**Your goal**
Whatever lies between the line with "F.I.A. TERMINAL 2" and the end of the data, both included, must be copied exactly and without pictures.

**Data excerpt**
********************

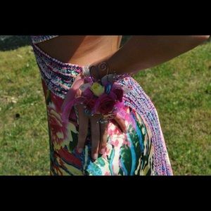 Gorgeous prom dress! It was worn 2 times and still looks good as new. It will fit sizes 0-4. This dress was purchased from Merle Norman.
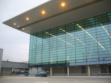 F.I.A. TERMINAL 2 View: mullion-transom construction terminal facade, facing the airfield and roof construction
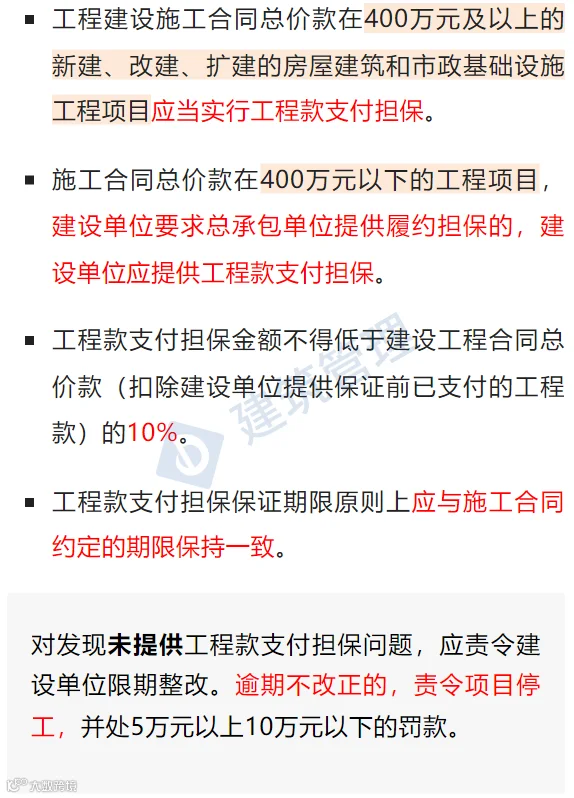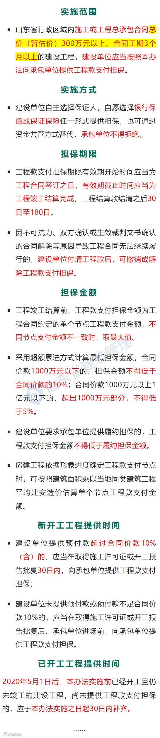 相关阅读:山东:300万元以上工程应提供工程款支付担保!已开工未提供的应在30日内补齐

********************

**Output of the task**
 F.I.A. TERMINAL 2 View: mullion-transom construction terminal facade, facing the airfield and roof construction
 相关阅读:山东:300万元以上工程应提供工程款支付担保!已开工未提供的应在30日内补齐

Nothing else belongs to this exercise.